In one aspect, the pharmaceutical formulations comprising agents of the present invention are incorporated in lipid monolayers or bilayers such as liposomes, see, e.g., U.S. Pat. Nos. 6,110,490; 6,096,716; 5,283,185 and 5,279,833. The invention also provides formulations in which water-soluble modulatory agents of the invention have been attached to the surface of the monolayer or bilayer. For example, peptides can be attached to hydrazide-PEG-(distearoylphosphatidyl)ethanolamine-containing liposomes (e.g. Zalipsky et al, Bioconjug Chem 6:705-708, 1995). Liposomes or any form of lipid membrane, such as planar lipid membranes or the cell membrane of an intact cell e.g. a red blood cell, can be used. Liposomal formulations can be by any means, including administration intravenously, transdermally (Vutla et al, J Pharm Sci 85:5-8, 1996), transmucosally, or orally. The invention also provides pharmaceutical preparations in which the agents of the invention are incorporated within micelles and/or liposomes (Suntres and Shek, J Pharm Pharmacol 46:23-28, 1994; Woodle et al, Pharm Res 9:260-265, 1992). Liposomes and liposomal formulations can be prepared according to standard methods and are also well known in the art see, e.g., Remington's; Akimaru et al, Cytokines Mol Ther 1:197-210, 1995; Alving et al, Immunol Rev 145:5-31, 1995; Szoka and Papahadjopoulos, Ann Rev Biophys Bioeng 9:467-508, 1980, U.S. Pat. Nos. 4,235,871, 4,501,728 and 4,837,028.

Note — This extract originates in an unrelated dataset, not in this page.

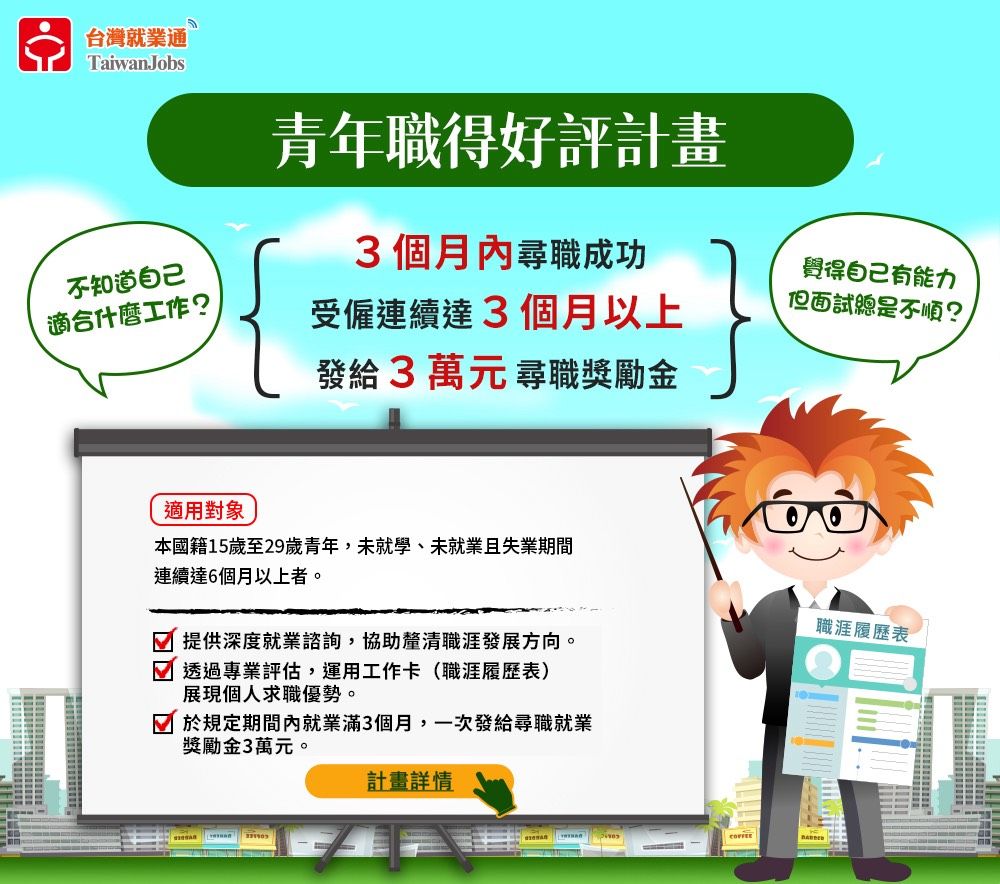 玉里就業中心主任張鼎盛表示,「青年職得好評計畫」旨在協助本國籍15歲至29歲對職涯感到迷惘的青年,透過深度諮詢與專業媒合,幫助他們在職場站穩腳跟。只要穩定工作滿 3 個月,即可領取 3 萬元尋職就業獎勵金。玉里就業中心將持續深耕基層,提供在地青年最具「溫度」的就業服務,相關服務資訊,請洽玉里就業中心,03-8882033分機7118周先生

The pharmaceutical compositions of the invention can be administered in a variety of unit dosage forms depending upon the method of administration. Dosages for typical pharmaceutical compositions are well known to those of skill in the art. Such dosages are typically advisorial in nature and are adjusted depending on the particular therapeutic context, patient tolerance, etc. The amount of agent adequate to accomplish this is defined as the “effective amount”. The dosage schedule and effective amounts for this use, i.e. the “dosing regimen” will depend upon a variety of factors, including the stage of the disease or condition, the severity of the disease or condition, the general state of the patient's health, the patient's physical status, age, pharmaceutical formulation and concentration of active agent, and the like. In calculating the dosage regimen for a patient, the mode of administration also is taken into consideration. The dosage regimen must also take into consideration the pharmacokinetics, i.e. the pharmaceutical composition's rate of absorption, bioavailability, metabolism, clearance, and the like. See, e.g., Remington's; Egleton and Davis, Peptides 18:1431-1439, 1997; Langer, Science 249:1527-1533, 1990.
In accordance with these methods, the agents and/or pharmaceutical compositions defined in accordance with the present invention may be co-administered with one or more other agents. Reference herein to “co-administered” means simultaneous administration in the same formulation or in two different formulations via the same or different routes or sequential administration by the same or different routes. Reference herein to “sequential” administration is meant a time difference of from seconds, minutes, hours or days between the administration of the two types of agents and/or pharmaceutical compositions. Co-administration of the agents and/or pharmaceutical compositions may occur in any order.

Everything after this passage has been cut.